Paradise of the Caribbean at North Beach

When my partner Sam and I touched down at Codrington the first enormous raindrops fell and we dashed into the airport terminal, more of a mint green shed, while our luggage was unloaded.

We climbed into a minibus for the short drive across town to the quayside, where Reuben James, owner of our island bolthole North Beach, was waiting in his Boston Whaler boat.

Frigate birds fished for their supper from their enormous colony as we swept into the narrow waters, the mangroves creating a curving, twisting route out to the open sea.

And then suddenly the rain shifted to the west, the sun returned and we were there. White sand stretching as far as the eye could see, a cluster of wooden beach houses peeking out from the palms.

Reuben, who had barely spoken as he raced the rain, went ahead with our bags as we tugged off our shoes and paddled from the jetty, along the beach to our new home. But Reuben, we would soon learn, is a far from silent man. His laugh is as untamed as his land, which he has spent almost 30 years turning into his vision of paradise.

As we walked the beach it seemed our footsteps were the first to mark it and they were instantly washed away as nature reclaimed its own.

Everything is as it is meant to be, as nature intended.

We sat on the balcony and watched as the sun gave its last hurrah, the clouds gone as quickly as they arrived.

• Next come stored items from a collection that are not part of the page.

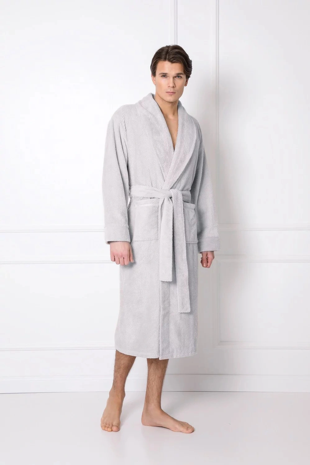 Model má šálový golier, vonkajšie vrecká na bokoch a viazanie v páse. Župan je mäkký a príjemný na dotyk, pohodlný a vhodný na nosenie.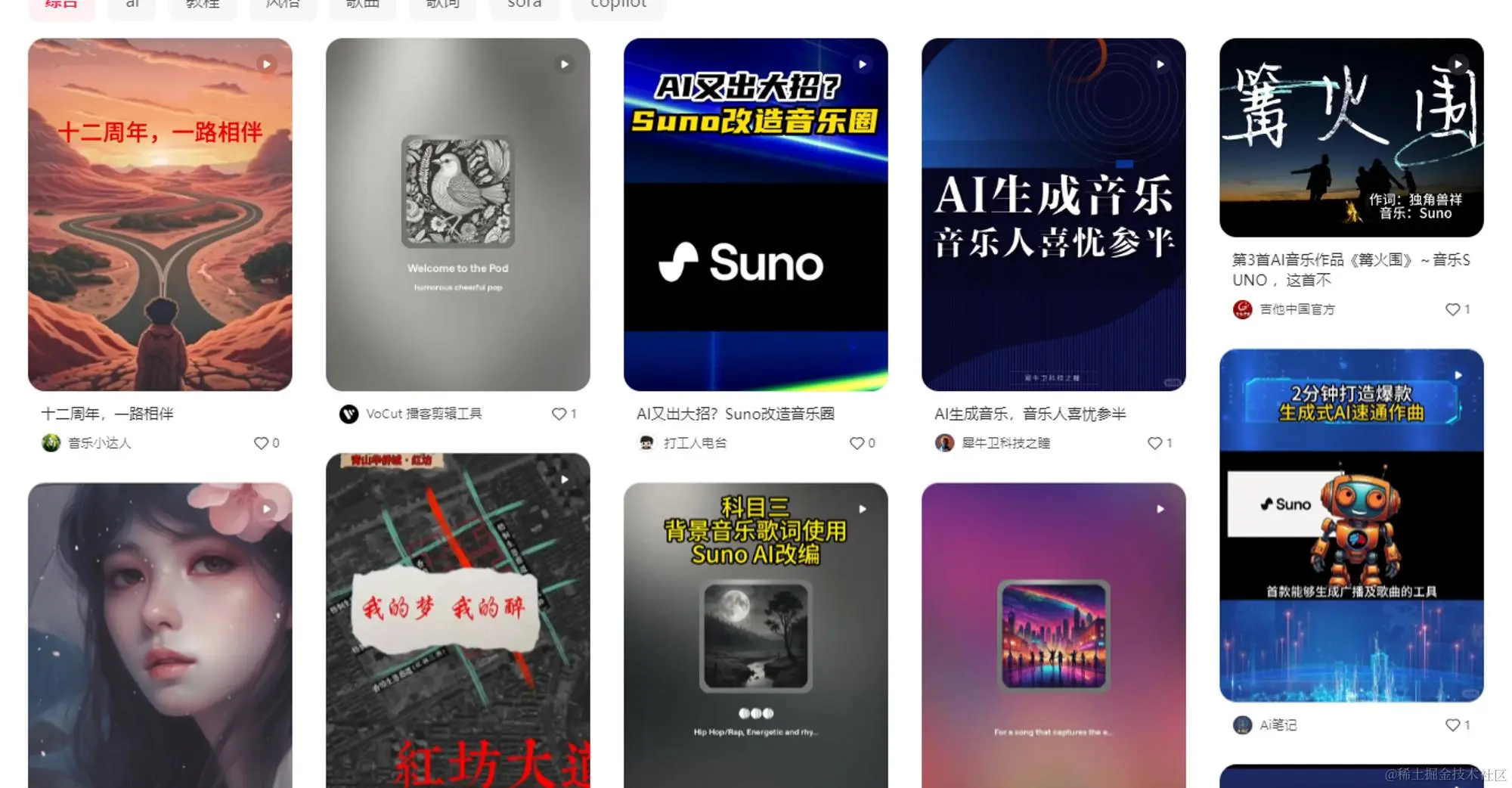 小红书上也出现了大量的AI音乐、教程相关内容,不知道这次的热点会持续多久。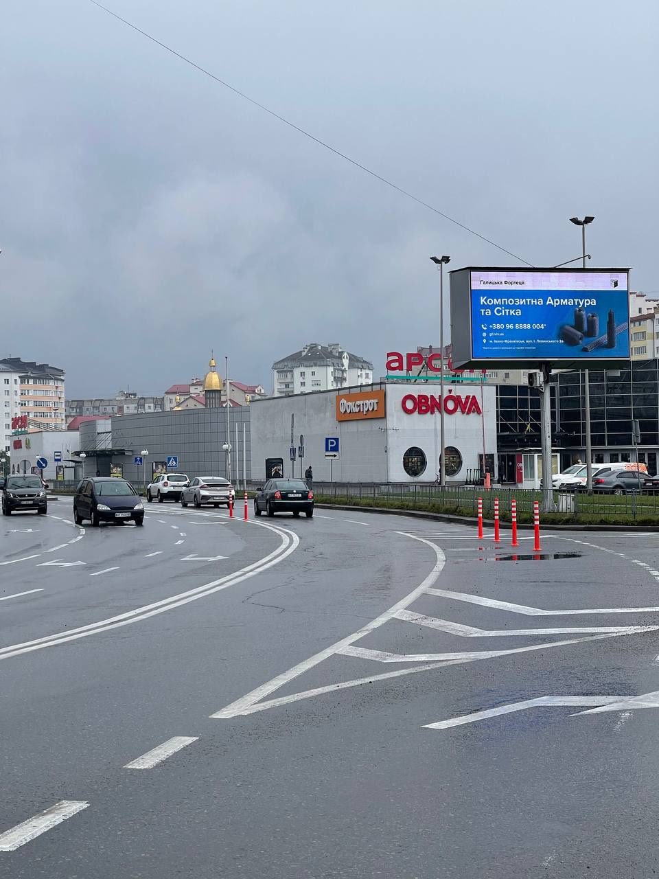 В Івано-Франківську встановлюють спеціальні стовпчики-делініатори на вулиці Миколайчука в районі торгових центрів “Епіцентр” та “Арсен”.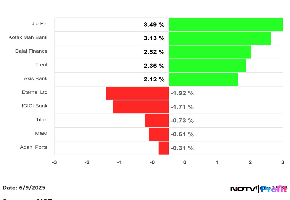 Nifty Top Gainers, Losers On June 9: Jio Financial, Kotak Mahindra Bank To Eternal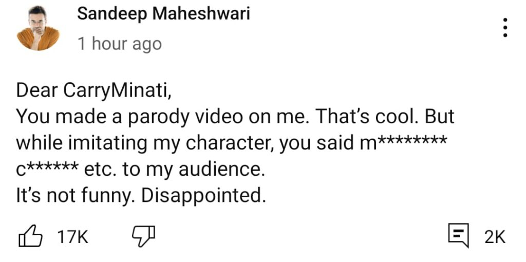 2023 (Dec): Offended by Carryminati’s video titled ‘Motivational Speaker Prodgy’.
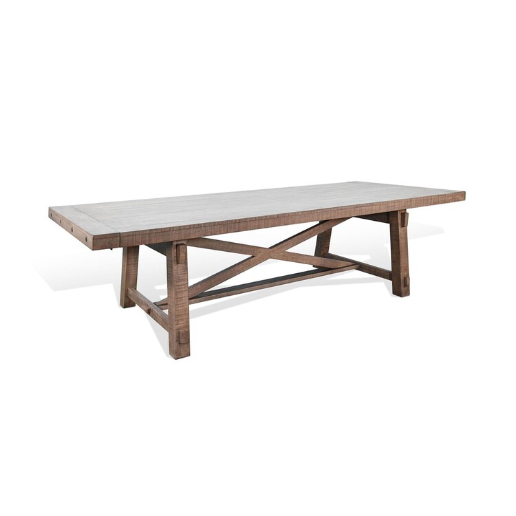 • Benjara Veny Extendable Dining Table, 108-140 Inch 8 to 14 Seater, Brown Mahogany Wood image - 1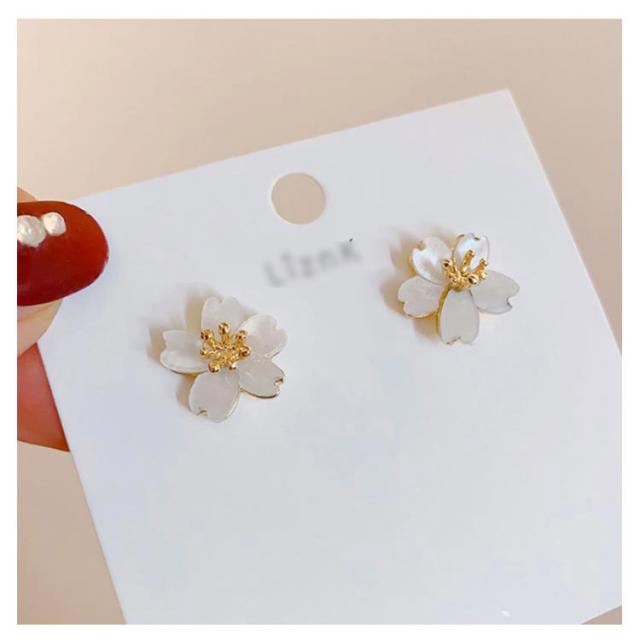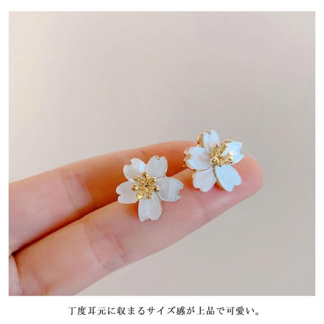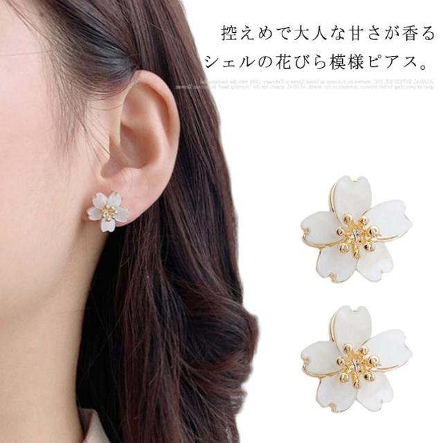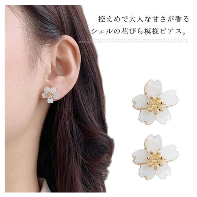 ミニシェル フラワーピアス ピアス シルエピアス ビジュー アクセサリー レディースピアス 花 上品 2次会 パーティー レディース 大人っぽい シンプル かわいい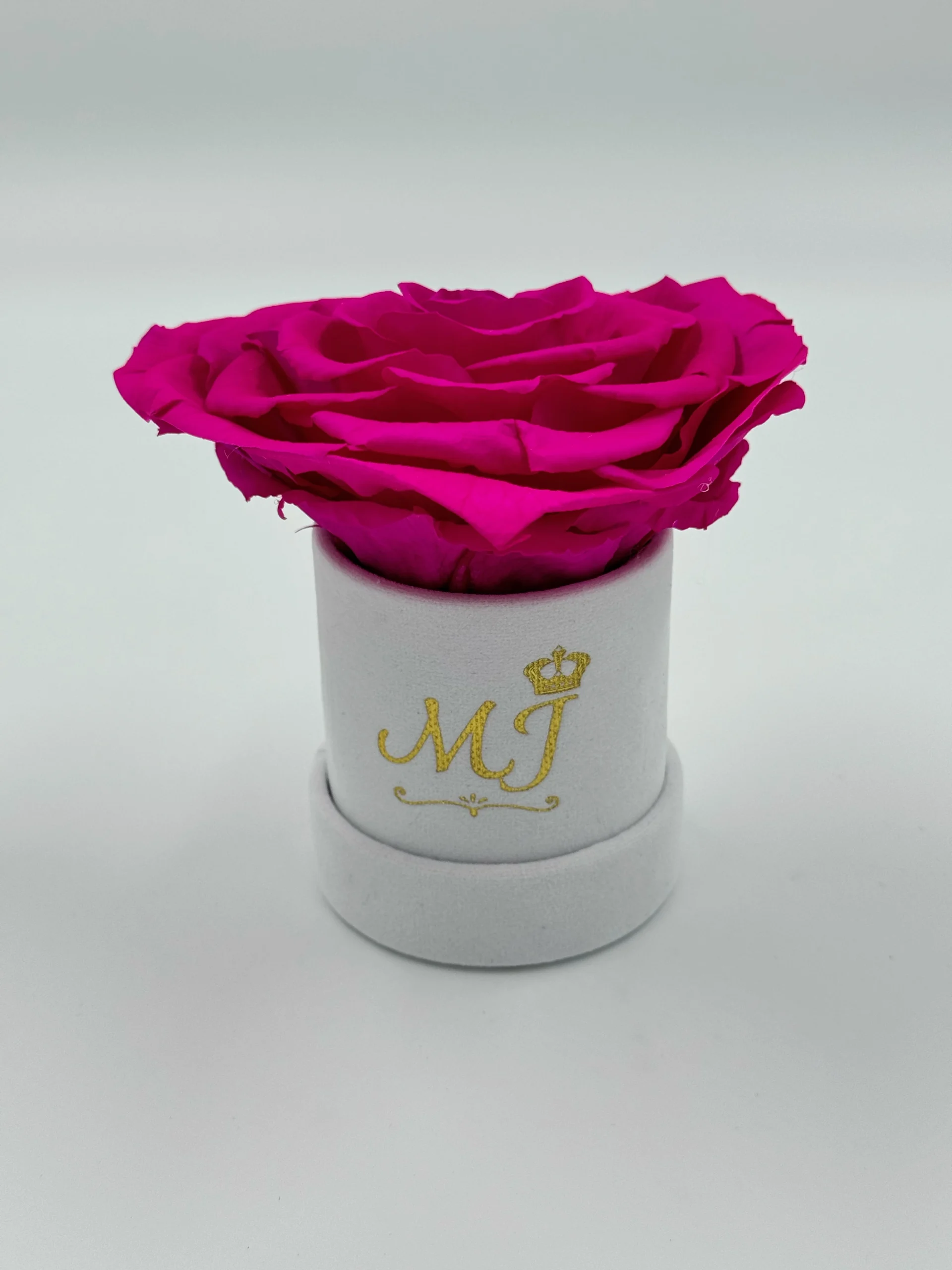 • 1 real eternal Jumbo size rose in a velvet finish box

A mile or so offshore, where the Atlantic and Caribbean collide, huge waves crashed on to the reef, their 5,000-mile journey coming to a dramatic and noisy end, rampant white horses dissolving into giant plumes of spray over the coral, but inside the reef it is calm. Barbuda, 30 miles to the north of Antigua in the middle of the Leeward Islands, is a rarity in the Caribbean.

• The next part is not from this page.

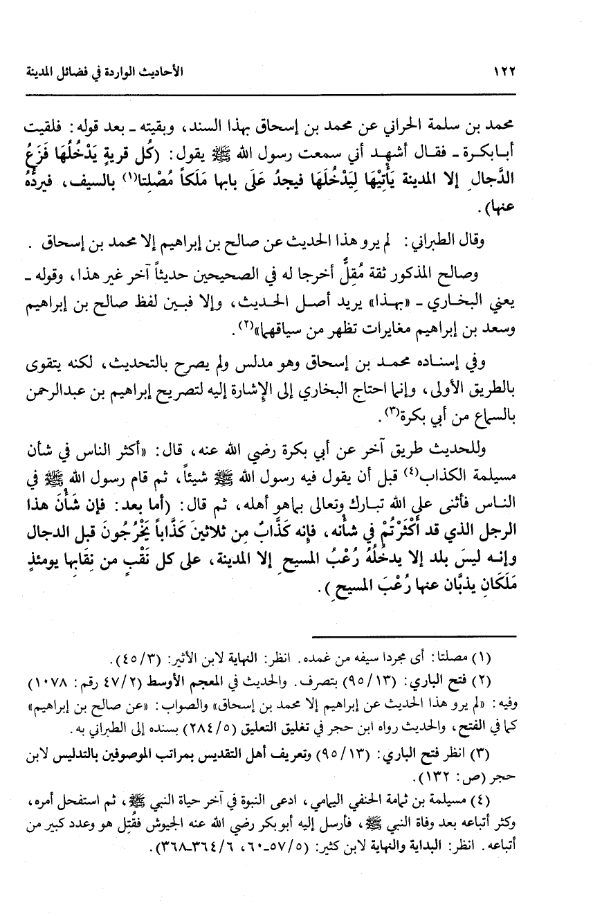 (2) فتح الباري: (95/ 13) بتصرف. والحديث في المعجم الأوسط (47/ 2 رقم: 1078) وفيه: ((لم يرو هذا الحديث عن إبراهيم إلا محمد بن إسحاق)) والصواب: ((عن صالح بن إبراهيم)) كما في الفتح، والحديث رواه ابن حجر في تغليق التعليق (284/ 5) بسنده إلى الطبراني به.

Only those born on the island can own land, so there is little development and all of it low level. Only two, mind-bogglingly expensive resorts are dotted around its coastline after the closure of Princess Diana’s favourite, the K Club.

The property laws gave Reuben, an engineer and former senator, the opportunity to buy the beach where he and his family used to picnic and fish during his childhood.

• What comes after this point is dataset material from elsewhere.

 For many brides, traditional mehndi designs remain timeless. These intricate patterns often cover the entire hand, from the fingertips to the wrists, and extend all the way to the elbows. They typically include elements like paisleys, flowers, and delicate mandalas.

Over the years, plainly in no rush, he has added to his own house five beachfront cottages, perched on stilts.

Luxury and splendour are not what he has gone for. Instead the whitewashed wooden cottages are simple, airy, furnished comfortably enough and decorated with shells and driftwood from the beach.

Once inside, it immediately feels like it’s yours, until you realise you’re sharing it with the geckos who scamper over the tin roofs and the crabs that hide in the shade beneath.